A wavelet is a wave-like oscillation with an amplitude that begins at zero, increases, and then decreases back to zero. The study of wavelets is based on the work of Alfréd Haar, a Hungarian mathematician. The paper’s authors show that by adopting a GAN architecture to work directly in a wavelet-based space, they achieve improved visual quality and more realistic content in the high-frequency range [3].

Here is a comparison between the outputs of StyleGAN2 and SWAGAN from the paper.

Comparison of StyleGAN2 and SWAGAN, from the SWAGAN paper by Rinon Gal, et al.
Comparison of StyleGAN2 and SWAGAN, from the SWAGAN paper by Rinon Gal, et al.

The authors note that the interpolated StyleGAN2 images show considerable blur around high-frequency regions, such as the hair, while the SWAGAN images do not.

Training SWAGAN

I trained the system for two weeks using this Google colab. Here is the command to run the training.

python /content/stylegan2-pytorch/train.py --data_dir /content/drive/MyDrive/modern_results/ --augment --arch swagan 
--size 512 /content/drive/MyDrive/modern_art_processed_512/

Note that the architecture is set to SWAGAN (the other choice is StyleGAN2). You can see some unfiltered results here.

Sample results from SWAGAN trained on modern paintings, Image by Author
Sample results from SWAGAN trained on modern paintings, Image by Author

You can see that there is an interesting mix of abstract and representational images. The syles of the representational images seem to range from Impressionism to Cubism. And there is a nice mix of color palettes.

GAN Implementation Notes

The version of SWAGAN that I’m using was written by independent developer Seonghyeon Kim, known on GitHub as rosinality. He has an implementation of both StyleGAN2 and SWAGAN here.
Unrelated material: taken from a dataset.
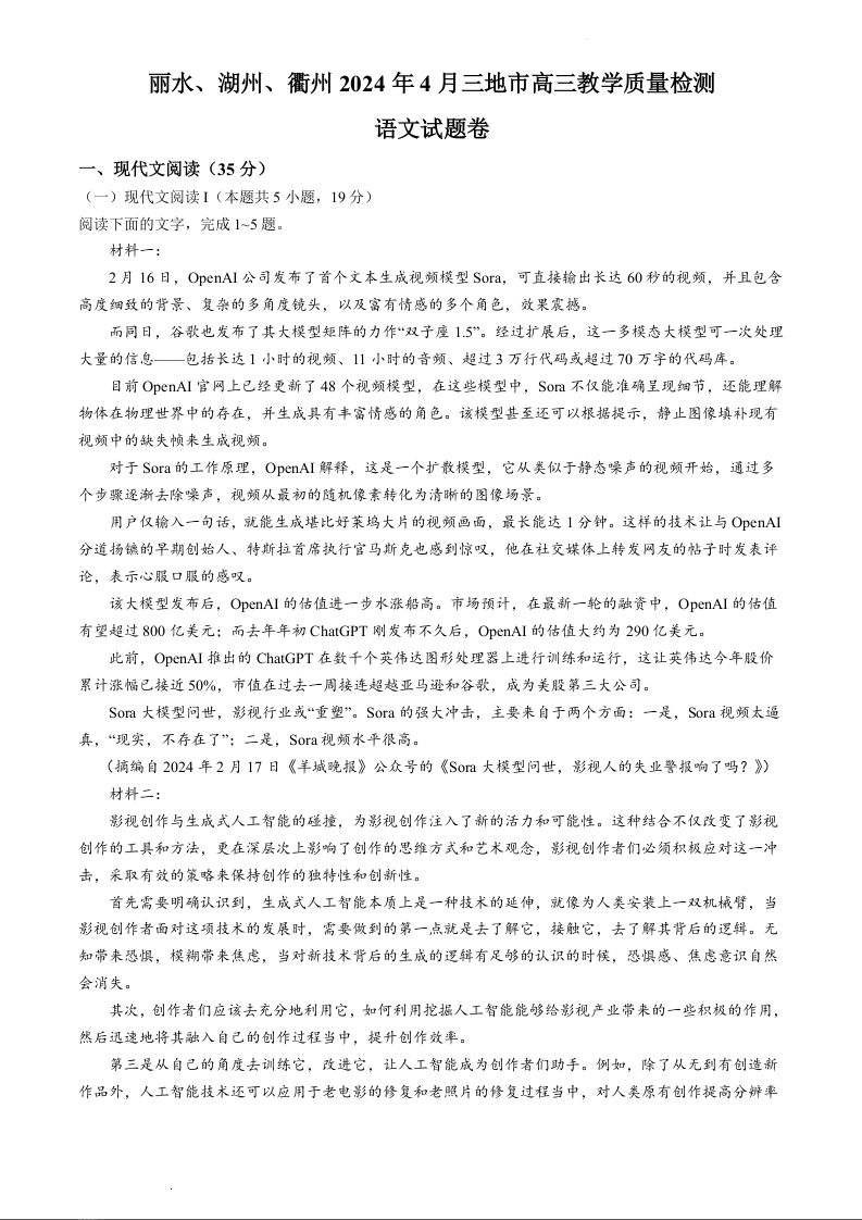 浙江省丽水、湖州、衢州三地市2024届高三下学期4月二模语文+答案

Most of rosinality’s source code is released under the MIT Open Source license, which is very permissive. However, his code includes two operations, fixed_act() and upfirdn2d(), written as low-level CUDA functions. These functions were written by Nvidia and are released under their non-commercial open source license. The Nvidia license states that the source code can be used non-commercially, which means it can only be used for research or evaluation purposes.

After searching on GitHub, I found copies of the fixed_act() and upfirdn2d() functions that were reimplemented and released under the MIT Open Source license by Or Patashnik et al. for their StyleCLIP project [7]. Their functions work just fine with rosinality’s implementation of SWAGAN. You can find the merged code in my GitHub project here. I am releasing the source code under the permissive CC-BY-SA-4.0 License. And yes, you can use my source code for commercial purposes 💲💲💲 . But please give me a shout-out if you use it. 📣

Genetic Algorithms

In computer science, a Genetic Algorithm (GA) is a metaheuristic inspired by the process of natural selection that relies on biologically inspired operators such as mutation, crossover, and selection. GAs are commonly used to generate high-quality solutions to optimization and search problems [8]. You can read more about GAs in Vijini Mallawaarachchi’s article on Medium here.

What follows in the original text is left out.